◆ TASK DETAILS: Only the lines below from the one that contains "Here's a handy" through the one that contains "Rebecca Belted Maxi Skirt - Marisol Pink" should appear in your answer, exact and without pictures.

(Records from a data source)
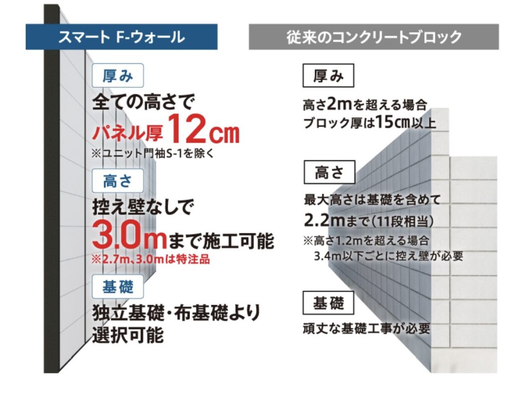 従来のブロック塀とは異なり、軽量で扱いやすいのに十分な強度を確保。施工性と耐久性を両立しています。
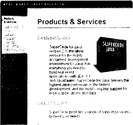 Характерен с этой точки зрения пример 11. Здесь фоновое изображение «дымка от чашки с кофе» (кстати, клишированный образ для всего, что связано с языком Java) прежде всего визуализирует динамику восприятия информации, по сути, делая видимыми «силовые линии» (стр. 167), ведущие от заголовка к визуалу (изображение упаковки программы, которой посвящена страница) и от него снова к тексту. Что особенно важно, фон этот сшивает в единое целое все актуальное содержимое страницы (т. е. все, за исключением навигационной панели и других элементов, повторяющихся на каждой странице сайта). Заметьте, что такой же по форме (хотя иной по текстуре) «дымок» украшает и саму упаковку с программой.
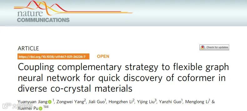 近日,四川大学化学学院/化学与生物信息学实验室蒲雪梅教授团队在Nature Communications 杂志上在线发表了论文,开发了一种普适性强准确度高的深度机器学习的共晶筛选模型,该模型可灵活应用于多种领域的共晶预测(药物、有机功能以及含能材料等),大幅提升了机器学习对共晶虚拟筛选的泛化能力和准确度,其构建策略可为深度学习在其它领域的应用提供了参考和指导。文章的第一作者是四川大学化学学院的博士研究生江源远,四川大学蒲雪梅教授为通讯作者,中国工程物理研究院的杨宗伟博士提供了含能共晶的实验验证。
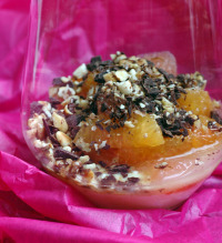 Salade agrumes noix chocolat vue 1 En dessert : salade d’agrumes sur lit de faisselle avec un faux crumble d’amandes pignons et chocolat.
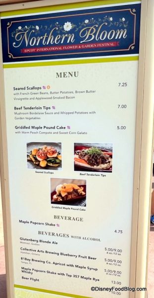 Right next door in Canada, we saw the menu was up for the Northern Bloom booth! There are returning items over here like the Seared Scallops for $7.25 (previously $7), Beef Tenderloin Tips for $7 (previously $6.75), and the Griddled Maple Pound Cake for $5 (previously $4.75)…
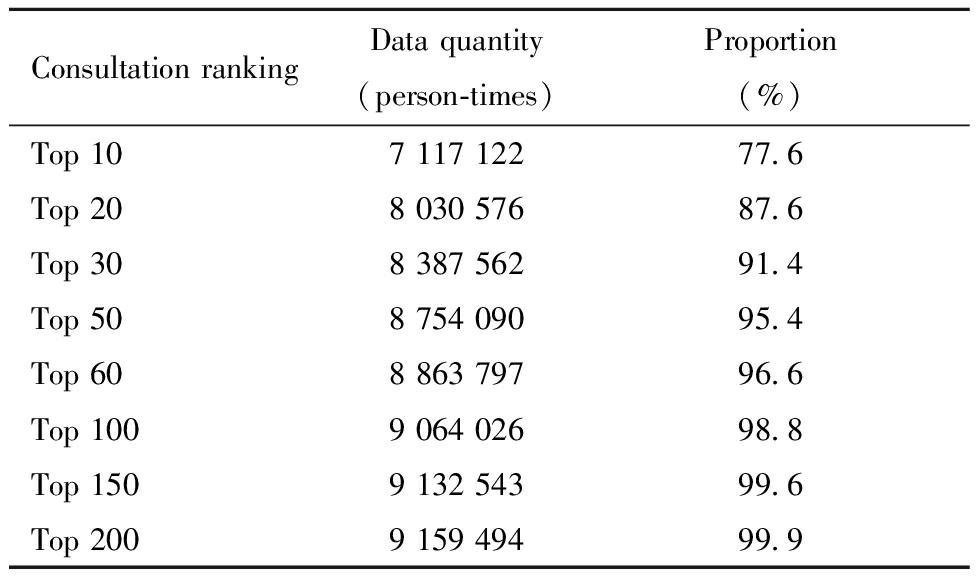 Consultation rankingData quantity(person-times)Proportion(%)Top 107 117 12277.6Top 208 030 57687.6Top 308 387 56291.4Top 508 754 09095.4Top 608 863 79796.6Top 1009 064 02698.8Top 1509 132 54399.6Top 2009 159 49499.9
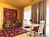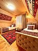 Трёхкомнатный номер, выполненный из экологичного бруса, отличается тёплой атмосферой и естественным уютом.
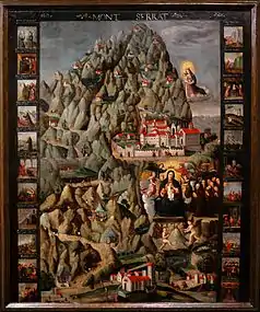 Среди представленных экспонатов выделяются подаренные в 1994 Демократической конвергенцией Каталонии красочные полотна неизвестных авторов XVII столетия с изображением Богоматери и горы Монтсеррат. Живопись выполнена на основе напечатанных в Риме в 1572 гравюр известного римского картографа и издателя XVI века Антонио Лафрери (Antonio Lafreri, 1512—1577). Композиции избавлены от объективного восприятия и визуально рассказывают историю географического и духовного явления Монтсеррата: постижение образа Девы Марии, её почитание в церкви, монастыре, в пути и часовне. Картины показывают паломников, жилища отшельников, расселившихся на склоне горы с её характерными вершинами. Легенда о Монахе-отшельнике Фра Гари (англ. Friar Garí) и чудесах, сделавших его святое изображение известным, написана на полях холста.[25]
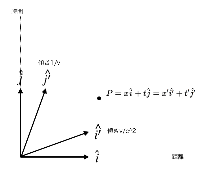 次に我々がするのは、点Xでの座標系の基底$\hat{i}$と$\hat{j}$で表されていた点を、傾き$\frac{1}{v}$の基底$\hat{i^\prime}$と傾き$\frac{v}{c^2}$の基底$\hat{j^\prime}$で表した時に、各係数の関係を調べることである。
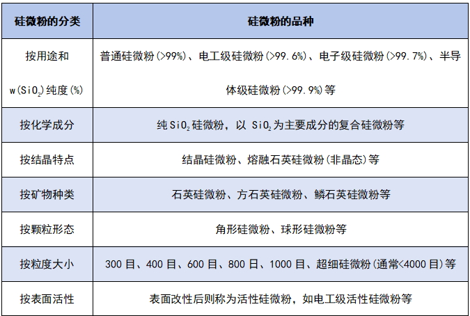 根据制作工艺分为:结晶硅微粉、熔融硅微粉、活性硅微粉、方石英硅微粉、复合硅微粉等。
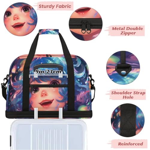 Large Weekender Overnight Bags Colorful Cute Girl Travel Duffel Bag for Women Men Gym Bag With Shoe Compartment Foldie Travel Tote Bag Carry On Personal Item Bag for Travel Gym Sports 1
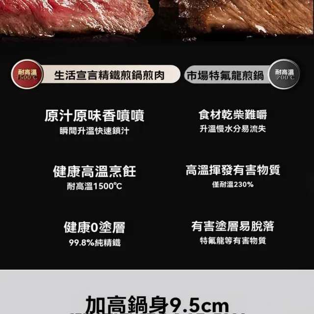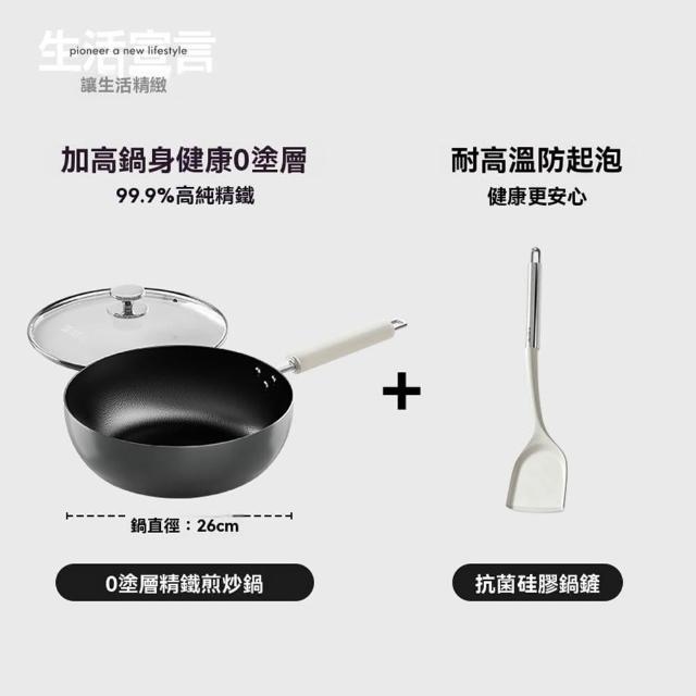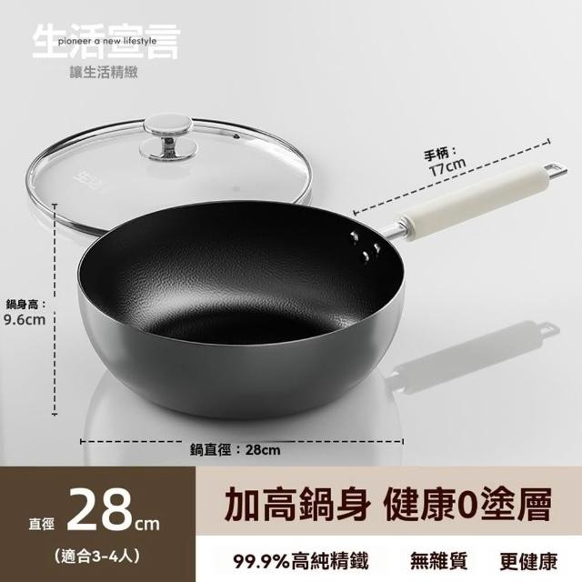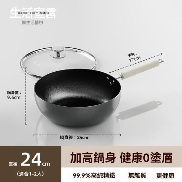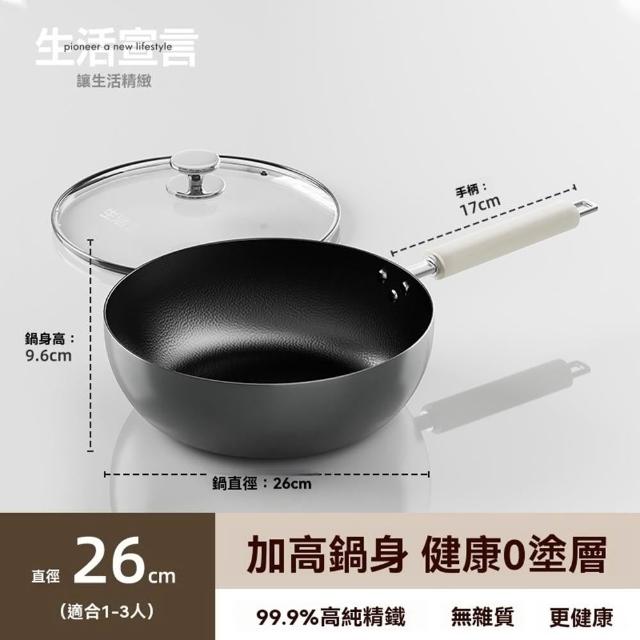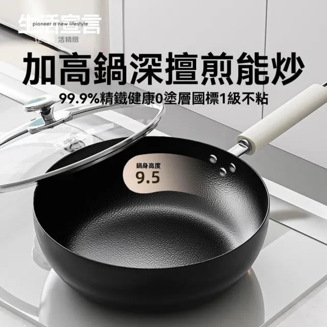 STAR·U星優品牌店 大肚鍋 加深精鐵平底鍋 不黏鍋 煎鍋 炒鍋 平底鍋(免開鍋/加高鍋身/99%高純精鐵無塗層)
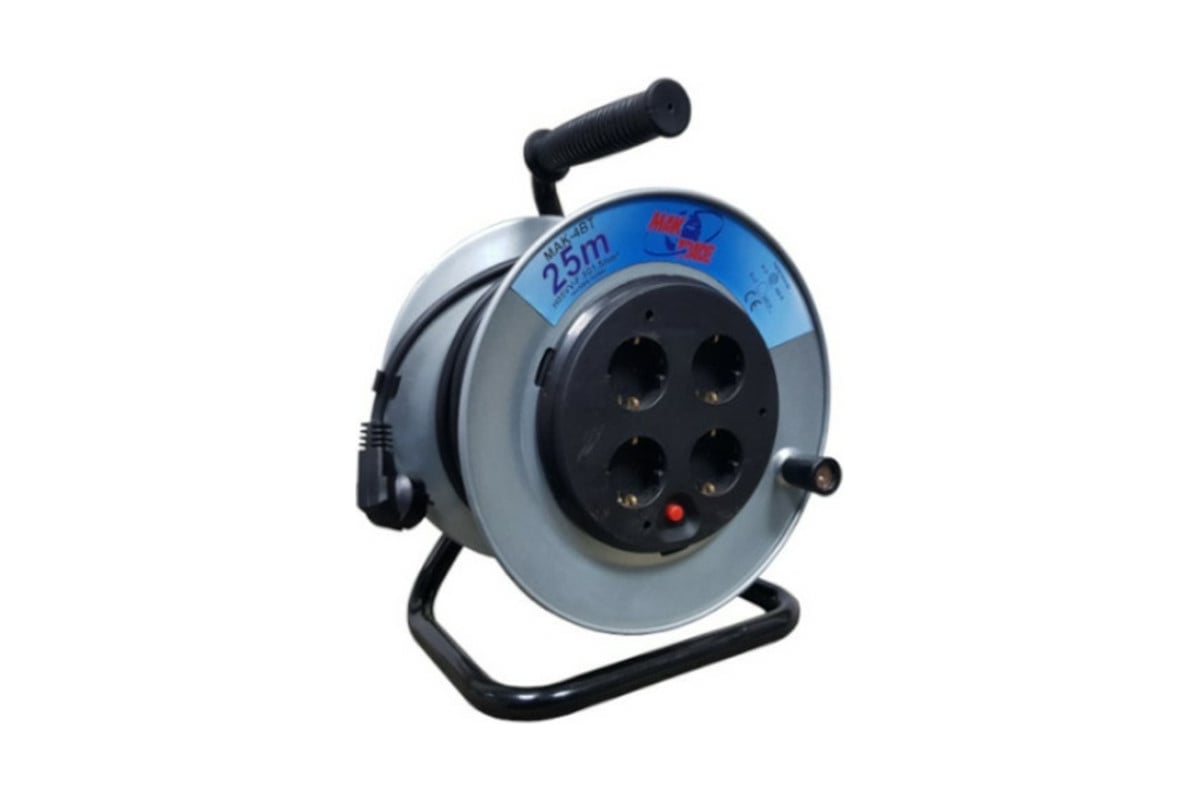 Однофазный удлинитель MTG на катушке металлический, 4X220В MT248А H05VV-F 3x1,50мм2 25м 7335
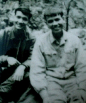 | Ảnh Ngô Kha (phải) và Tô Nhuận Vỹ ở rừng kháng chiến Tây Thừa Thiên |
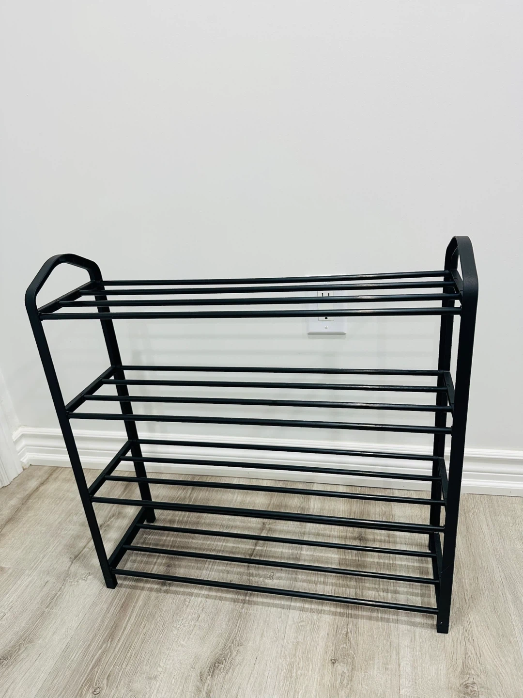 Here's a handy black metal shoe rack to keep your entryway or closet organized! It's in great shape and ready to help you declutter your space
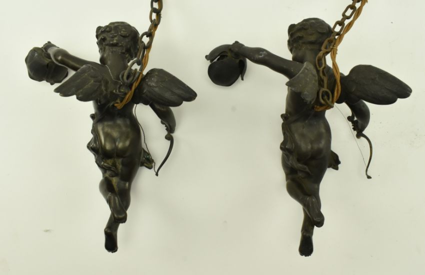 A pair of French Continental early 20th century c1900 bronze cherubs wall sconces lights. Each sconce in the shaped of winged cherubs with arrow in one hand and holding light fitting in the other. Sold as untested. Each measures approx. 23cm x 18cm x 15cm.
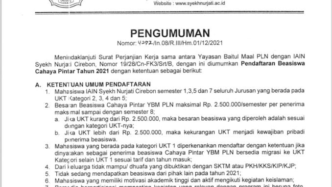 Pengumuman Beasiswa Cahaya Pintar PLN 2021 13 Desember 2021 arifin Pengumuman 0 Unduh Pengumuman dan Surat Pernyataan Pengumuman Beasiswa Cahaya Pintar Formulir Beasiswa CAHAYA PINTAR YBM PLN SURAT PERNYATAAN CAHAYA PINTAR PLN
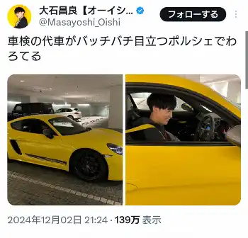 大石昌良 愛車の車検時の代車が「バッチバチ目立つポルシェ」と報告に「うれしそう」「似合う」の声
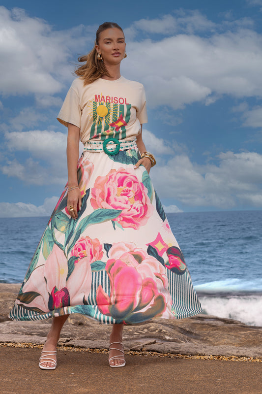 Rebecca Belted Maxi Skirt - Marisol Pink
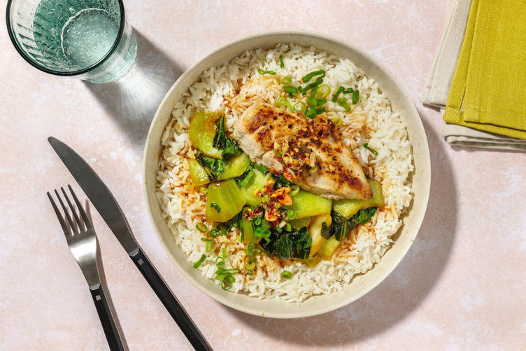 Deckel wieder abnehmen, Gemüse mit restlicher Sojasoße, 1 EL Weißwein-Essig und Sweet Chili-Soße ablöschen. Geriebenen Ingwer, Gewürzmischung, zerkleinerte Pak Choi-Blätter und angebratene Tofuwürfel dazugeben, Deckel wieder aufsetzen, und ca. 1 Min. etwas einköcheln lassen. Mit Salz und Pfeffer abschmecken.
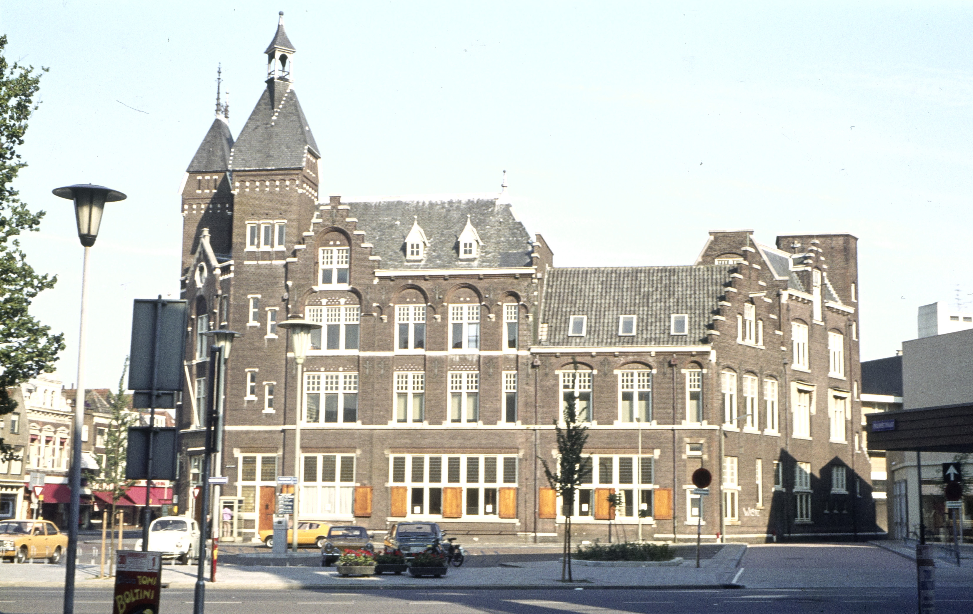 - Het postkantoor op de hoek van het Bagijnhof (links) en het Achterom, gezien vanuit de Raamstraat.
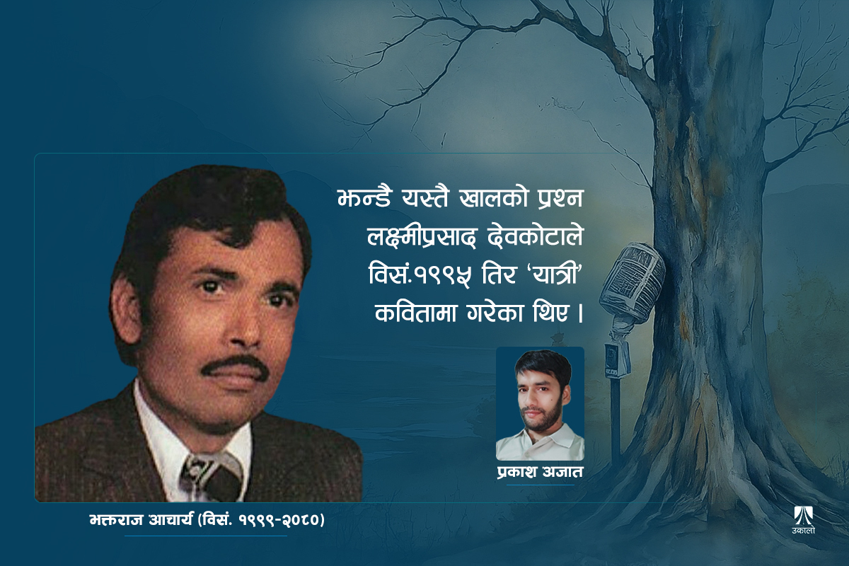 विसं १९९५ तिर झन्डै यस्तै खालको प्रश्न लक्ष्मीप्रसाद देवकोटाले यात्री कवितामा 'कुन मन्दिरमा जान्छौ यात्री?' भन्दै गरेका थिए। धर्मका नाममा चलेका कर्मकाण्ड र तीर्थव्रतिप्रति यो भजन पनि गम्भीर प्रश्न हो। मान्छेहरू धर्मका नाममा सिर्जित अनेक देवालय र तीर्थहरू धाउँछन्, जबकि यो सारा जगत् नै परमेश्वर भगवान् वा ईश्वरबाट भएको तर्क उनीहरू गर्छन्। जब यो जगत् नै परमेश्वरबाट निर्मित हो र कण–कणमा यदि ईश्वर छन् भने ईश्वरबाटै निर्मित मान्छे खास कुनै देवालय या प्रार्थनास्थल धाउनुको अर्थ के? घचेटाघचेट गर्दै, लाइनमा झगडा गर्दै प्रमुख मूर्ति/'अमूर्ति' हेर्ने या छुने के प्रयोजन?

◆ RESPONSE BELOW:
 Here's a handy black metal shoe rack to keep your entryway or closet organized! It's in great shape and ready to help you declutter your space
 A pair of French Continental early 20th century c1900 bronze cherubs wall sconces lights. Each sconce in the shaped of winged cherubs with arrow in one hand and holding light fitting in the other. Sold as untested. Each measures approx. 23cm x 18cm x 15cm.
 Pengumuman Beasiswa Cahaya Pintar PLN 2021 13 Desember 2021 arifin Pengumuman 0 Unduh Pengumuman dan Surat Pernyataan Pengumuman Beasiswa Cahaya Pintar Formulir Beasiswa CAHAYA PINTAR YBM PLN SURAT PERNYATAAN CAHAYA PINTAR PLN
 大石昌良 愛車の車検時の代車が「バッチバチ目立つポルシェ」と報告に「うれしそう」「似合う」の声
 Rebecca Belted Maxi Skirt - Marisol Pink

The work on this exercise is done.